Beim Versuch der Deutung dieser Unterschiede fiel ihm auf, daß das Vorhandensein des Eidotterfettes im Magen schon nach kürzester Zeit starke antiperistaltische Darmbewegungen ausgelöst hatte. Als LEVITES daraufhin den Eintritt der Duodenalsäfte in den Magen mit Hilfe der Pylorus-nahen Fistel verhinderte, konnte er anschließend nur noch eine geringradige Aufspaltung des Eidotterfetts im Magen registrieren, ähnlich wie zuvor unter dem Einsatz des Olivenöls. Im unterschiedlichen Verhalten der beiden Fettarten sah LEVITES auch die Erklärung für die bisher veröffentlichten sehr unterschiedlichen Zahlen zur Größenordnung der Fettspaltung im Magen.

Dagegen studierte der Japaner TAKATA (1922) mehr als zehn Jahre später insbesondere den Nüchterninhalt des Hundemagens. Dabei gab er an, im Saft des leeren Magens außer den Fermenten Pepsin, Labferment und Amylase auch das fettspaltende Enzym Lipase gefunden zu haben.

Da aber bereits BOLDYREFF 1908 beim hungernden Hund einen Darmsekretrückfluß vermerkt hatte, war die Frage nach der tatsächlichlichen Herkunft der im Magensaft bestimmbaren Lipase, Pankreas oder Magen, noch längst nicht geklärt.

Achtzehn Jahre nach TAKATA äußerte sich deshalb noch einmal VOGEL (1940) zur Magenlipase der Fleischfresser. Im Rahmen seiner Versuchsreihe zum Einfluß der Nahrungsfette auf die Acidität und den Lipasegehalt des Magens kam es zu einer weiteren Bekräftigung der These BOLDYREFFs (1908), die im Magen gefundenen fettspaltenden Fermente seien in erster Linie Pankreasfermente. Zunächst registrierte der Veterinärmediziner bei Hunden schon unter der Verabfolgung von Fleischnahrung regelmäßig einen Rückfluß der Duodenalsäfte in den Magen. Als er der Fleischnahrung jedoch noch Fett zusetzte, zeigte sich darüberhinaus im Magen eine Erhöhung des Lipasegehalts, wobei die schwerer schmelzbaren Fette im Vergleich zu den leichter schmelzbaren eine stärkere Konzentrationszunahme bewirkten. Aufgrund des gleichzeitigen Nachweises von Gallenfarbstoffen im Magensekret erschien VOGEL einmal mehr der Beweis dafür erbracht, daß unter der Fettfütterung Dünndarmchymus mit darin enthaltener Galle und Pankreaslipasen in großem Ausmaß in den Magen eingetreten war.
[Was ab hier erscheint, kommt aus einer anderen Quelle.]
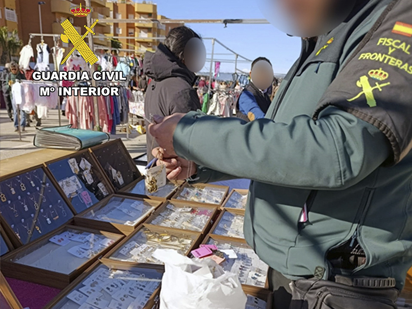 La Guardia Civil ha intervenido un total de 400 artículos falsificados en un puesto ambulante del mercadillo semanal de Puerto de Mazarrón. Entre los objetos incautados se encuentran joyas, relojes y carteras, cuya valoración asciende a los 116.000 euros, según ha informado la Benemérita.
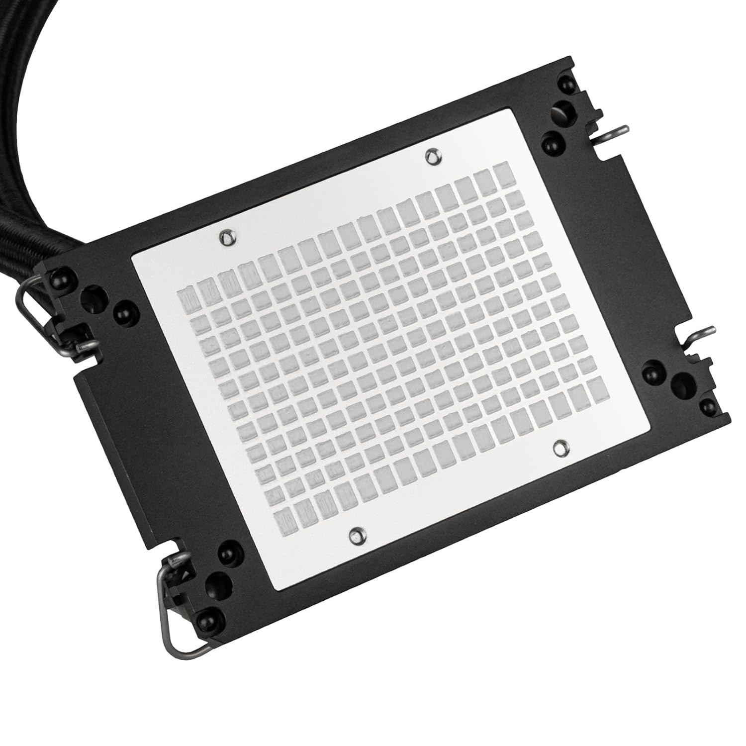The water block is constructed with nickel-plated copper, incorporated with a copper base active cooling surface to ensure full coverage of process cores on Sapphire Rapids-based CPUs.
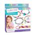 Комплектът съдържа: сърцевиден елемент, 4 цвята брокатни връзки – общо 6 м, 7 цвята цветни памучни връзки – общо 20 м, 1,5 м сребърна нишка, 2+2 талисмана, 38 мъниста, работна основа.
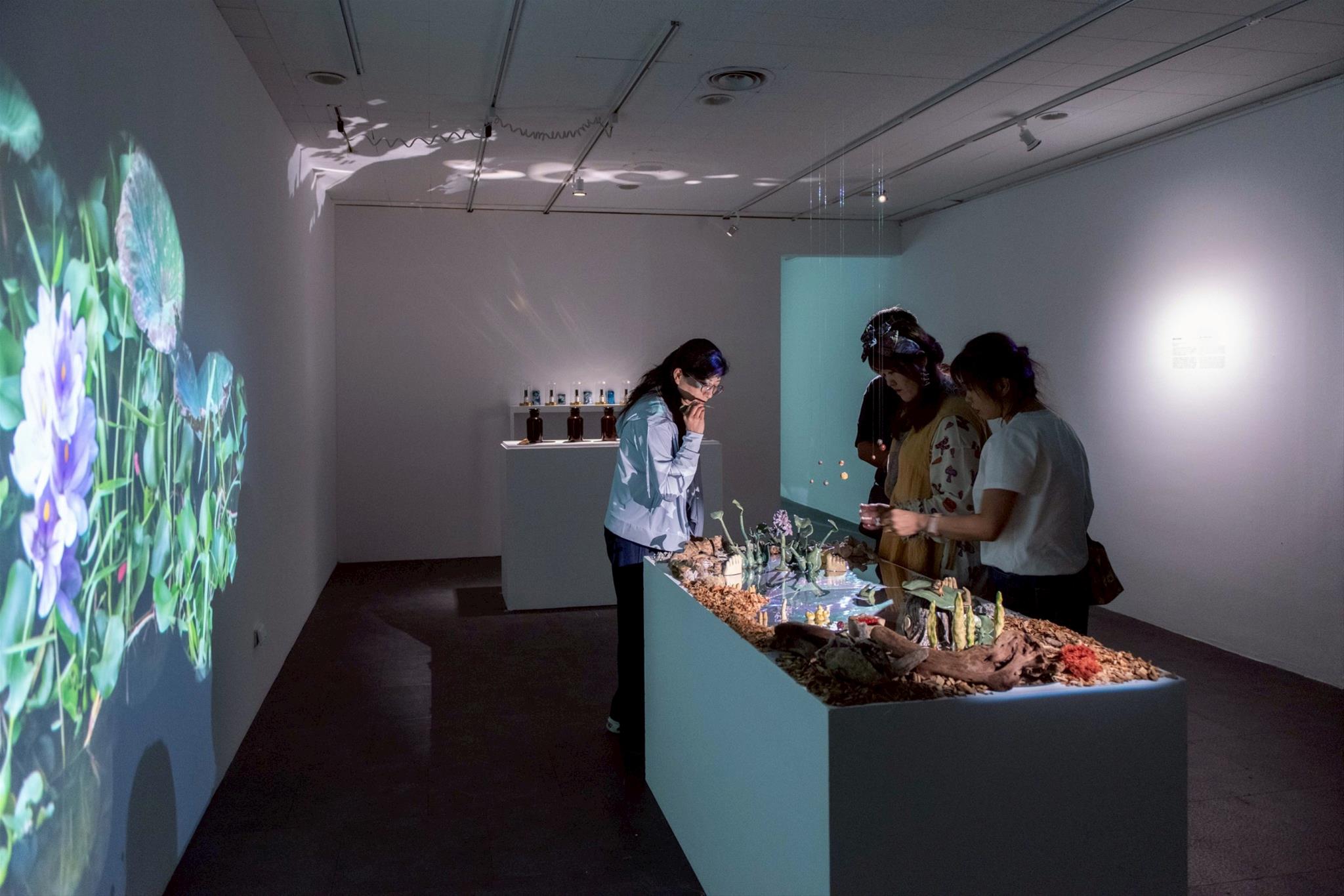 作品《我們水中所見》延伸自《連結失落的風景》與《與布袋蓮的共修關係》兩件作品,結合陶瓷雕塑、影像、香氛等元素,探索人類與「非人世界」的關係。
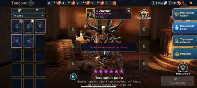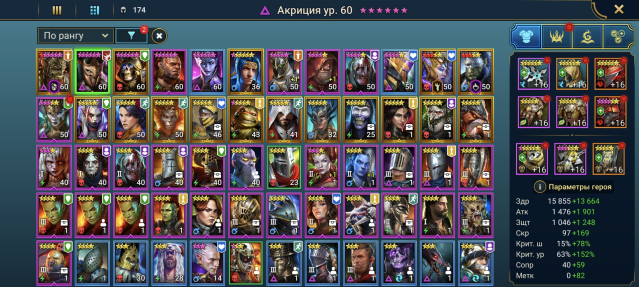 Подробное описание: Продам аккаунт с лучшей легой в игре — Акриция (фулл навыки и таланты). Много энергии, фарм 20 дракона, паучихи. Так же много очень полезных эпиков, эпики для анкила. Подробности на скринах.Адская компания не пройдена.
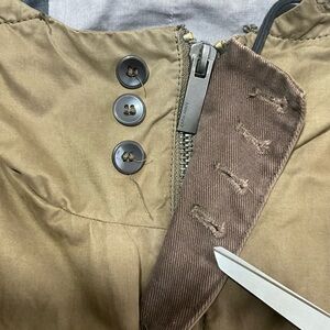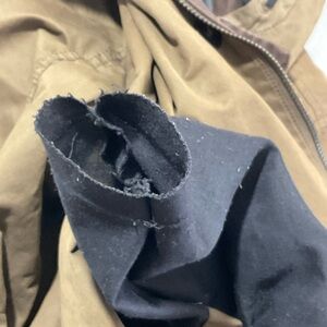 This is a Zara hooded jacket for women in brown, size Xtra Large, with long sleeves and a drawstrings. Note this jacket has 2 small condition issues; 1, a small button is missing at the top of the coat the 4th of 4 button at the top of the coat. 2, a tear inside the pocket. Please see pictures for more detail on both issues
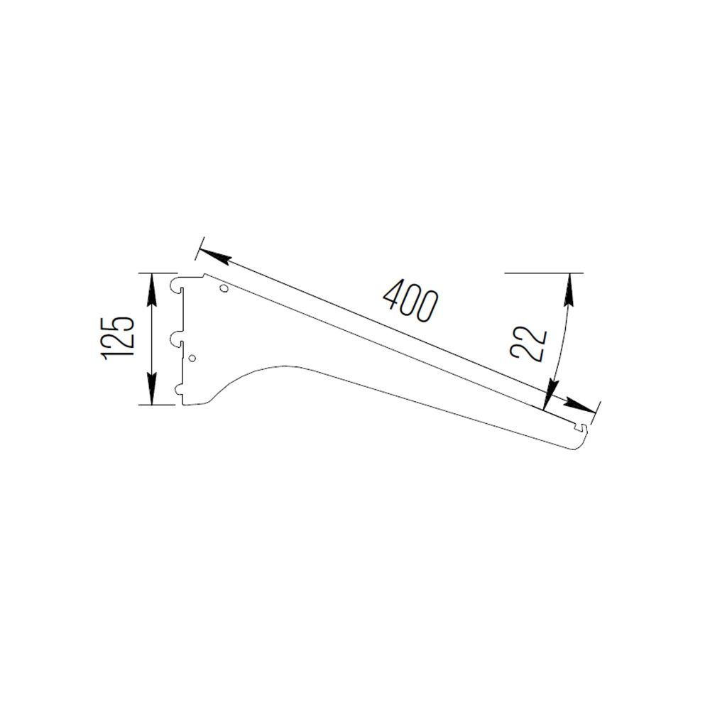 Кронштейн наклонный (22 градуса) для торгового стеллажа, длина 400 мм, выполнен из металла с защитным покрытием.
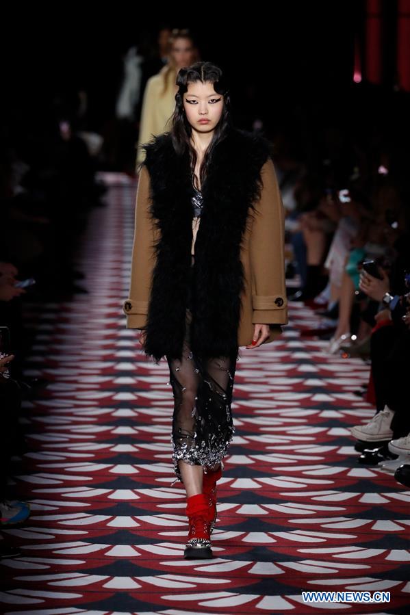 Un mannequin présente une création de la collection prêt-à-porter automne-hiver 2020-2021 de Miu Miu, lors de la semaine de la mode féminine de Paris, en France, le 3 mars 2020. (Xinhua/Piero Biasion)
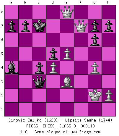 Last move : 1-0 2008 December 25 17:43:3 [Event "FICGS__CHESS__CLASS_D__000110"] [Site "FICGS"] [Date "2008.11.27"] [Round "1"] [White "Cirovic,Zeljko"] [Black "Lipsits,Sasha"] [Result "1-0"] [WhiteElo "1620"] [BlackElo "1744"] 1.e4 e6 2.d4 d5 3.Nc3 Bb4 4.e5 c5 5.a3 Bxc3+ 6.bxc3 Ne7 7.Nf3 Bd7 8.Be2 Ba4 9.O-O Qc7 10.Bd3 c4 11.Be2 O-O 12.Nh4 Nbc6 13.f4 Ng6 14.Nxg6 fxg6 15.Bd2 Ne7 16.Bg4 Nf5 17.Bxf5 Rxf5 18.g4 R5f8 19.Rf2 Qe7 20.Be3 Rf7 21.Qe2 Raf8 22.Raf1 Qxa3 23.f5 Qxc3 24.fxe6 Rxf2 25.Rxf2 Qa1+ 26.Kg2 Qa3 27.c3 Qxc3 28.Rxf8+ Kxf8 29.Qf3+ Ke8 30.Qf7+ Kd8 31.e7+ Kc7 32.e8Q 1-0 French : Winawer, Advance, positional Main line Kingside Castling by player White (move 9) Kingside Castling by player Black (move 11) Promotion Queen by player White (move 32) Player White won this chess game. Follow this game move after move (download)The most important feature of the Chess position is the activity of the pieces. This is absolutely fundamental in all phases of the game: Opening, Middlegame and especially Endgame. The primary constraint on a piece's activity is the Pawn structure. (Michael Stean) Wie kann ich Remis annehmen? Ich weiß ja gar nicht, wie ich stehe! (Fritz Sämisch) El Ajedrez es el juego mas altamente simbólico, pero las agresiones estan por lo tanto aún mas francamente representadas en la partida. Tal vez comenzo como un juego de guerra; Algo como la representación de una batalla en miniatura entre las fuerzas de dos reinos. (Karl Meninger) Il vaut toujours mieux jouer un plan faux de façon logique que de n'avoir pas de plan du tout. (Victor Kortchnoï) There is a computer disease that anybody who works with computers knows about. It's a very serious disease and it interferes completely with the work. The trouble with computers is that you 'play' with them ! (Richard P. Feynman)

Er sprach daher die Lipase im Magen erneut als Pankreaslipase an.

Obwohl VOGEL so erneut einen Beweis dafür lieferte, daß vor allem Pankreaslipasen bei der Fettspaltung im Magen tätig waren, vermochten erst Wissenschaftler in der 2.

Hälfte des 20. Jhs. durch ausgefeilte biochemische Separationsmethoden zwischen den, nur an die Magenschleimhaut adsorbierten oder oberflächlich eingedrungenen Lipasen und den selbst von der Magenschleimhaut sezernierten Enzymen zu unterscheiden und damit die Widersprüchlichkeit bisheriger Versuchsergebnisse aufzuklären. Im Verlauf der weiteren Forschung sollte es sich nämlich zeigen, daß eine Magenlipase in Form einer Triacylglycerin-Lipase de facto existierte; daß diese im Vergleich zur Pankreaslipase jedoch nur geringgradig an der Fettspaltung im Magen beteiligt war und auch nur niedrig schmelzende Fette zu zersetzen vermochte. Allein beim menschlichen und tierischen Säugling konnte dieses Ferment aufgrund des bereits emulgierten Muttermilchfetts und des noch wenig sauren Magensaftes weitreichendere Wirkung entfalten.